> _What you should do_
For the records below, please print exactly and only the lines from the one with "Kanban are comprised" down to the one with "Essa Cabeceira Casal", both ends included, omitting the pictures.

<<<<

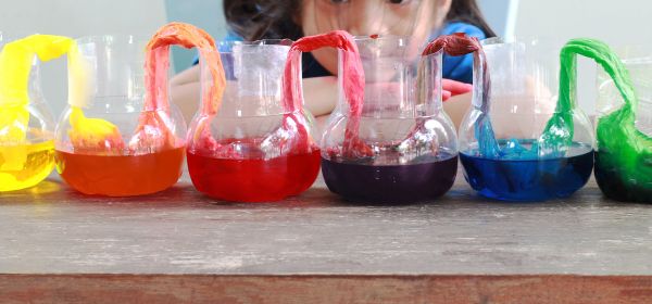 - Βάζετε την μία άκρη της πρώτης χαρτοπετσέτα μέσα στο πρώτο ποτήρι και την άλλη στο δεύτερο. Τη μία άκρη της δεύτερης χαρτοπετσέτας στο δεύτερο ποτήρι και την άλλη στο τρίτο κ.ο.κ. Τι βλέπετε;
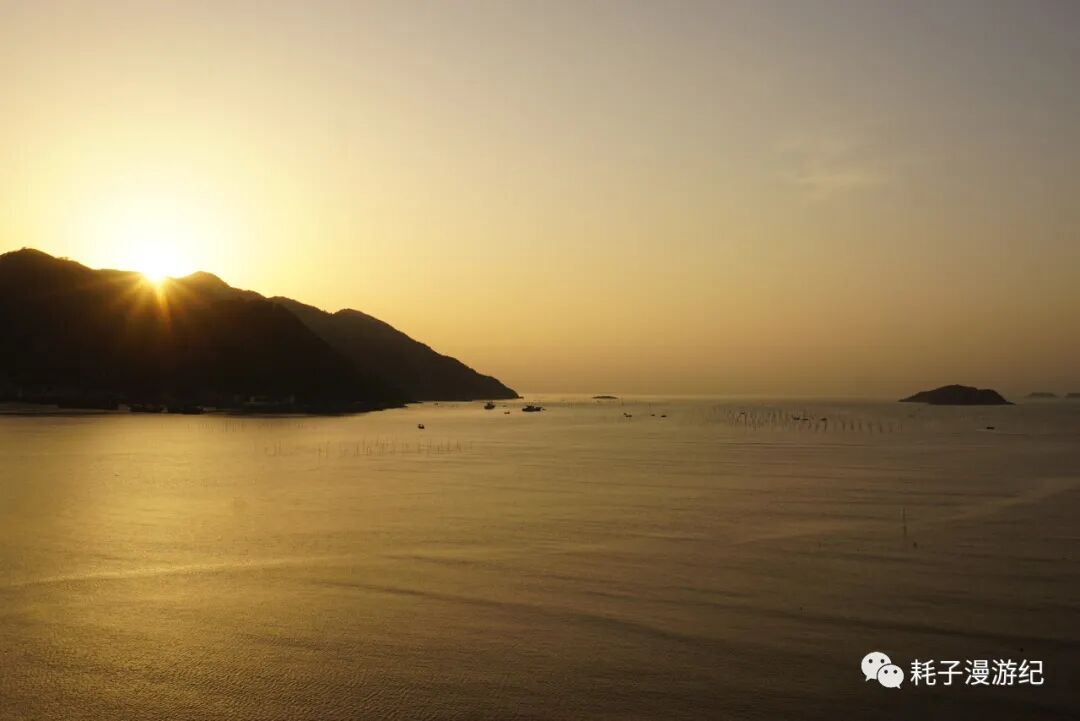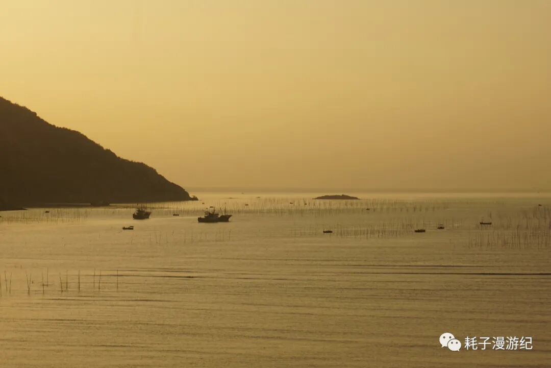 三沙光影栈道有两公里多,是从小晧到东壁铺设的沿海栈道,分为三个入口,西入口在小晧,东入口在虞公亭大桥(东壁),这里也是最佳的日落拍摄地,而北入口拥有视野最宽阔的观景台,因此旅游大巴都停在这里,导致该路段有些堵车。我们从北入口下栈道,往东走,这里的海岸线有完美的C型,而捕捞网和零星的渔船又填补了海面的留白,增添了画面的美感,瞬间明白为何霞浦能成为经典的摄影地。遗憾的是中午还是晴空万里,此时却已形成了云层,且有蔽日之势,一路追着逐渐暗淡的日光,在虞公亭大桥依旧没有看到日落,只拍到云层间那一抹吝啬的余晖。
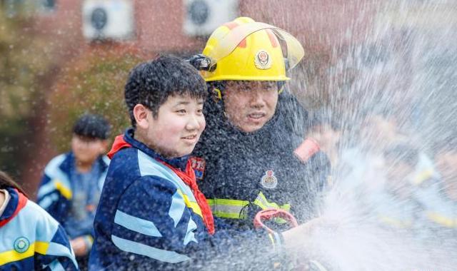 3月26日,在第31个“全国中小学生安全教育日”来临之际,河南商丘睢县消防救援局走进小学校园,开展“安全‘童’行·防患未‘燃’”消防安全进校园主题活动,通过消防知识讲解、消防器材体验、应急疏散演练等形式,切实增强学生消防安全意识。图为学生在消防员指导下体验使用消防水枪。徐泽源摄
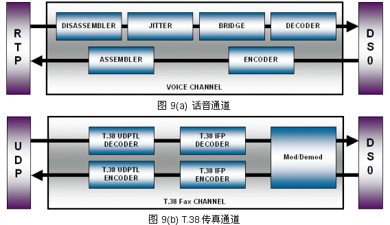 Fusion 提供了標準的MSPP通道類型以支持語聲編解碼和T.38傳真,且可由應(yīng)用程序按需調(diào)用接口函數(shù)創(chuàng)建單工或雙工通道來對數(shù)據(jù)進行處理,其中雙工通道實際上包含兩條單工過濾器鏈組。
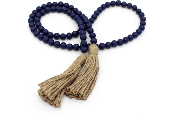 Wood Beads Garland with Tassels Farmhouse Rustic Wooden Prayer Bead String Wall Hanging Accent for Home Festival Decor. Navy Blue
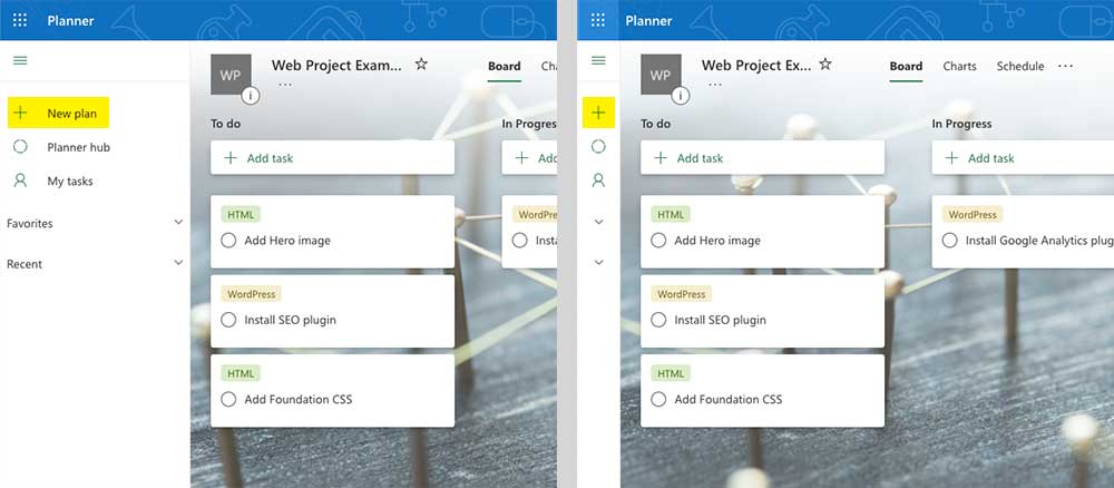 Kanban are comprised of boards and cards. Boards can be thought of as one project, and cards are all the tasks involved. Microsoft Planner refers to their boards as Plans. To start a new plan, click on "New plan" to the left. Smaller browser widths may only show a + sign, which you can also click. Both are highlighted in yellow below.
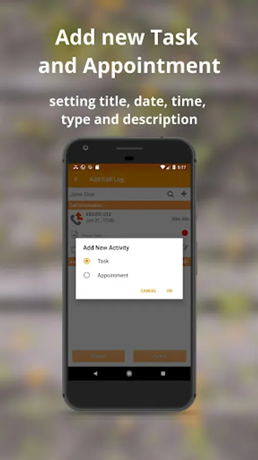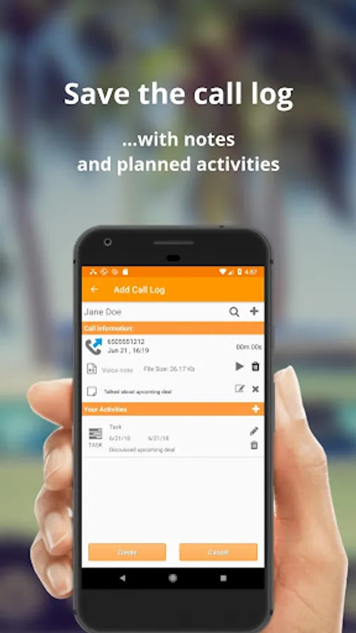 - The app provides you an opportunity to create planned activities into your CRM and set a reminder for them;
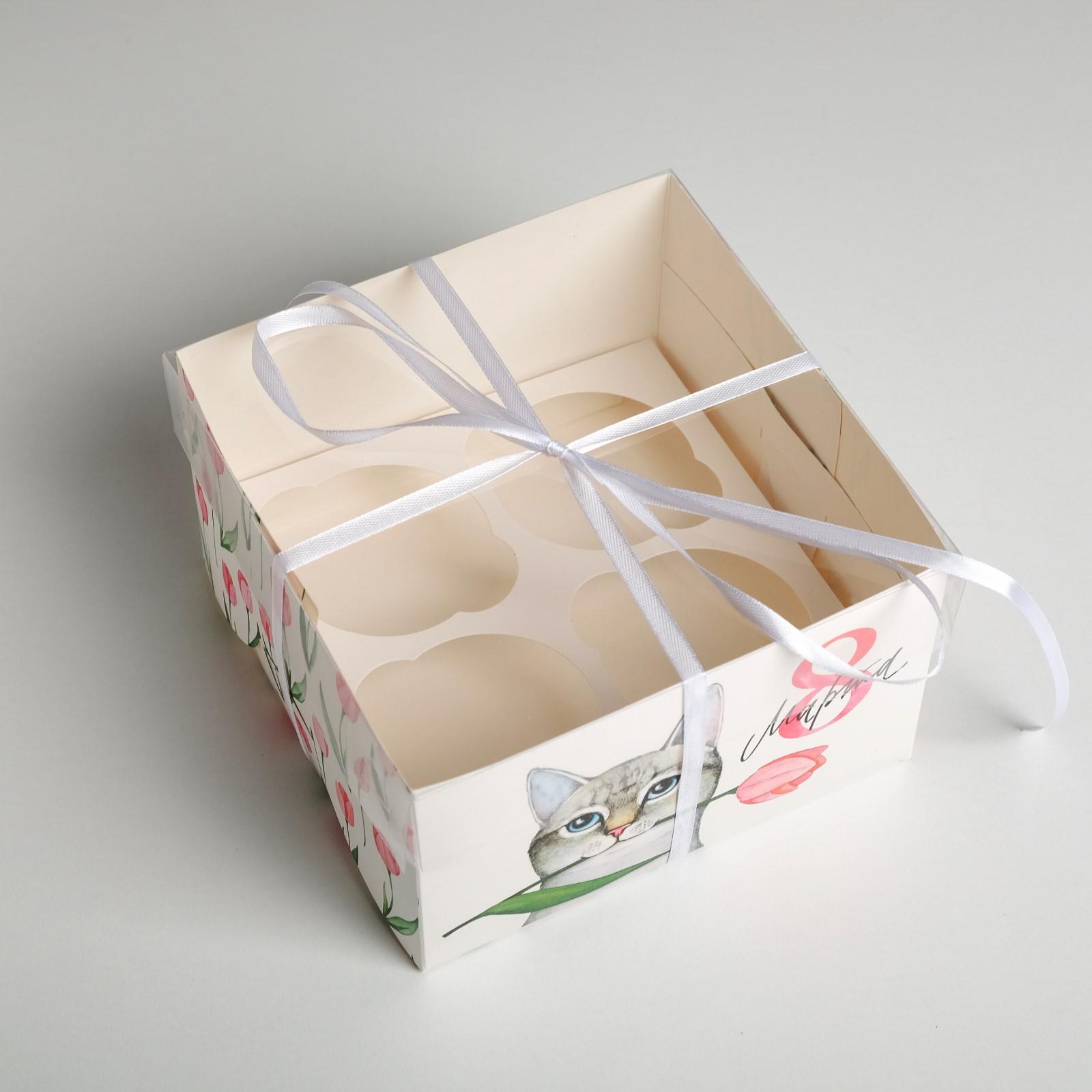 Коробка для капкейков 4 шт "8 марта с котиком!" 160*160*100 мм
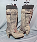 Vintage Y2k Denim Boots Distressed Grey Jean Heeled Boots Grunge Buckles Size 37
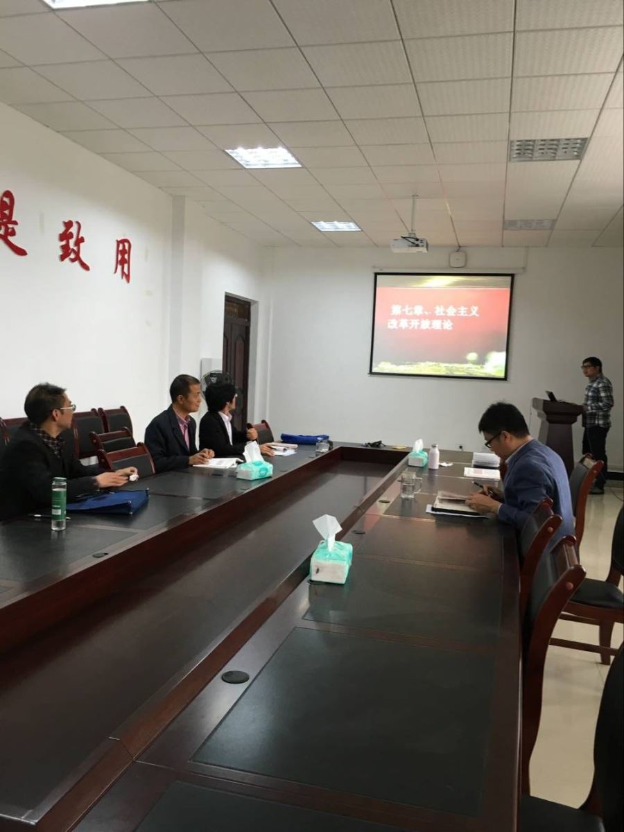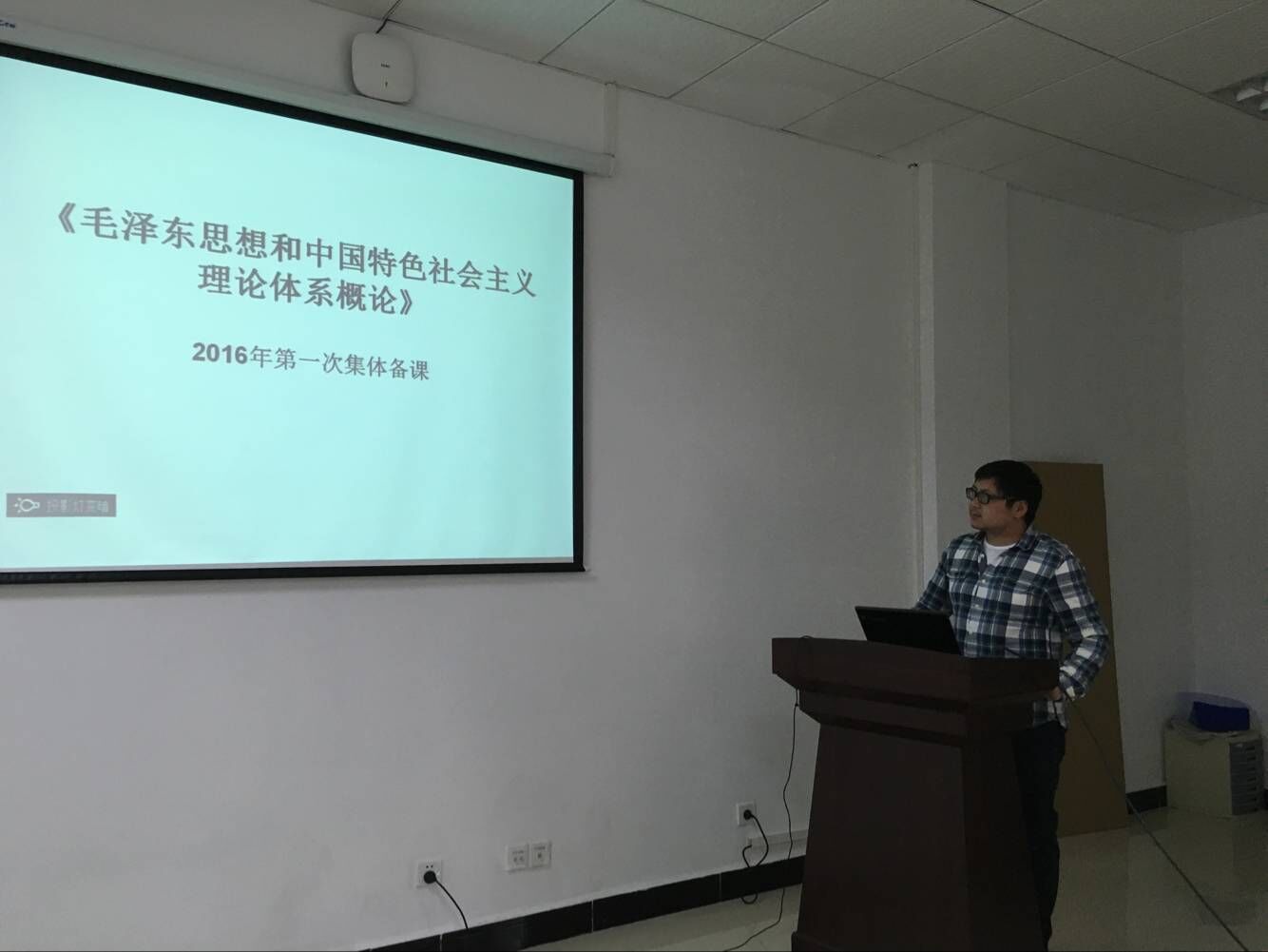 此次集体备课会由“概论”教研室副主任陈俊老师主持,张理甫老师主讲,备课内容是《毛泽东思想和中国特色社会主义理论体系概论》第七章第一、二节,根据教学大纲和教学实施计划,张理甫老师围绕“改革开放是发展中国特色社会主义的必由之路”、“全面深化改革”这两方面的内容梳理了上课的基本思路,设计了教学目的、教学要求、教学重点、教学难点,提出要全面阐释“改革开放是决定当代中国命运的关键抉择”的深刻原因,从而为下一步讲解“全面深化改革”做好铺垫,让老员工全面了解我国改革的总目标和方向,以及改革过程中如何正确处理好各种重大关系。“概论”教研室其他教师对课堂讲授中具体案例的运用、教学材料的取舍、社会热点问题的融入等进行了深入探讨,达到了集思广益、凝聚共识、共同提高、服务教学的集体备课目的。
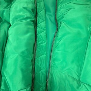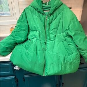 Vibrant emerald green jacket by Free People. Ideal for chilly days. Pockets on the front. Never worn.
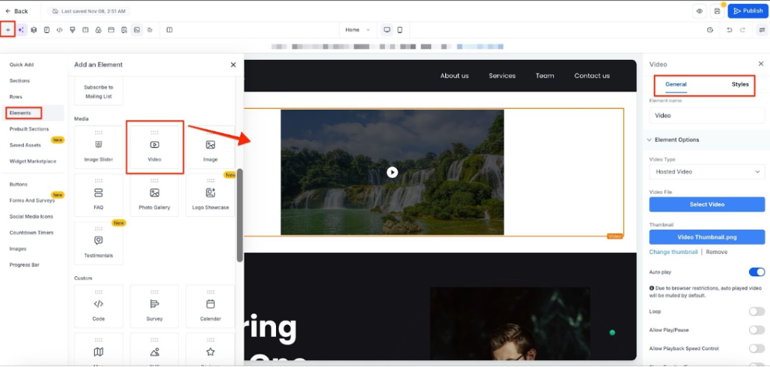How to Use: Add a video element to your page, then customize settings such as loop, mute, playback speed
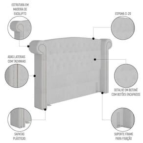 Essa Cabeceira Casal Estofada é um luxo só, isso porque o seu design curvo somado aos botões revestidos cria um ambiente clássico e charmoso, como toda Cabeceira Provençal. Já as abas laterais com aplicação de tachinhas são um charme a parte, pois o desenho delineado remete às colunas jônicas gregas, ou seja, muito mais que um móvel estofado, você terá em casa um ícone de decoração inspirado na mais bela arquitetura. Chega de falar de beleza e vamos falar de funcionalidade, afinal, ter uma Cabeceira Estofada é certeza de conforto e bem-estar, principalmente naquele momento de descanso quando você dá uma pausa para ler um livro e recosta a cabeça em um apoio macio e suave ou simplesmente quando quer ficar em silêncio por algum tempo, viajando mundo afora pelo .
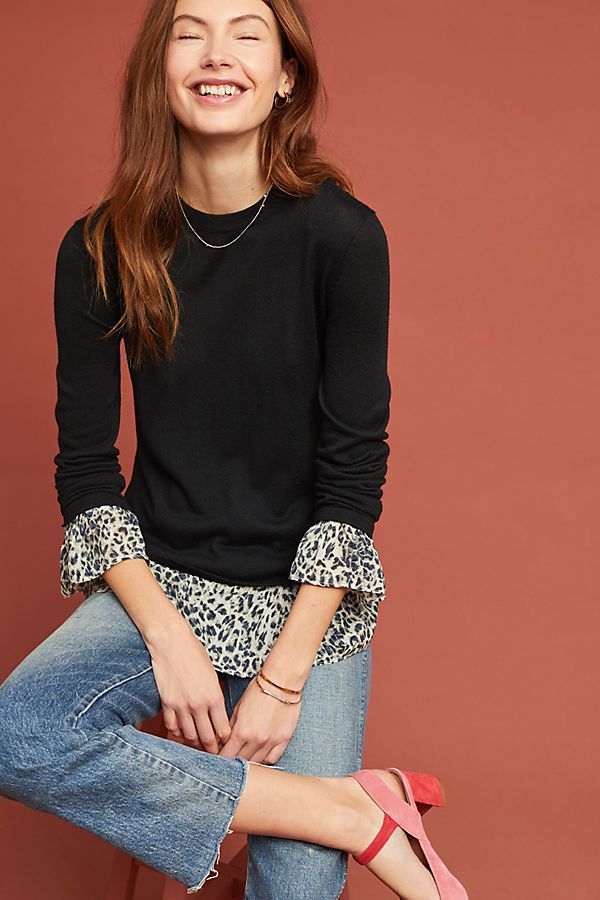If you’re not from New Jersey and you can’t quite handle the all over print, this is your answer. It’s leopard lite to add a little interest to your basic black sweater.

>>>>

> _Task response_
 Kanban are comprised of boards and cards. Boards can be thought of as one project, and cards are all the tasks involved. Microsoft Planner refers to their boards as Plans. To start a new plan, click on "New plan" to the left. Smaller browser widths may only show a + sign, which you can also click. Both are highlighted in yellow below.
 - The app provides you an opportunity to create planned activities into your CRM and set a reminder for them;
 Коробка для капкейков 4 шт "8 марта с котиком!" 160*160*100 мм
 Vintage Y2k Denim Boots Distressed Grey Jean Heeled Boots Grunge Buckles Size 37
 此次集体备课会由“概论”教研室副主任陈俊老师主持,张理甫老师主讲,备课内容是《毛泽东思想和中国特色社会主义理论体系概论》第七章第一、二节,根据教学大纲和教学实施计划,张理甫老师围绕“改革开放是发展中国特色社会主义的必由之路”、“全面深化改革”这两方面的内容梳理了上课的基本思路,设计了教学目的、教学要求、教学重点、教学难点,提出要全面阐释“改革开放是决定当代中国命运的关键抉择”的深刻原因,从而为下一步讲解“全面深化改革”做好铺垫,让老员工全面了解我国改革的总目标和方向,以及改革过程中如何正确处理好各种重大关系。“概论”教研室其他教师对课堂讲授中具体案例的运用、教学材料的取舍、社会热点问题的融入等进行了深入探讨,达到了集思广益、凝聚共识、共同提高、服务教学的集体备课目的。
 Vibrant emerald green jacket by Free People. Ideal for chilly days. Pockets on the front. Never worn.
How to Use: Add a video element to your page, then customize settings such as loop, mute, playback speed
 Essa Cabeceira Casal Estofada é um luxo só, isso porque o seu design curvo somado aos botões revestidos cria um ambiente clássico e charmoso, como toda Cabeceira Provençal. Já as abas laterais com aplicação de tachinhas são um charme a parte, pois o desenho delineado remete às colunas jônicas gregas, ou seja, muito mais que um móvel estofado, você terá em casa um ícone de decoração inspirado na mais bela arquitetura. Chega de falar de beleza e vamos falar de funcionalidade, afinal, ter uma Cabeceira Estofada é certeza de conforto e bem-estar, principalmente naquele momento de descanso quando você dá uma pausa para ler um livro e recosta a cabeça em um apoio macio e suave ou simplesmente quando quer ficar em silêncio por algum tempo, viajando mundo afora pelo .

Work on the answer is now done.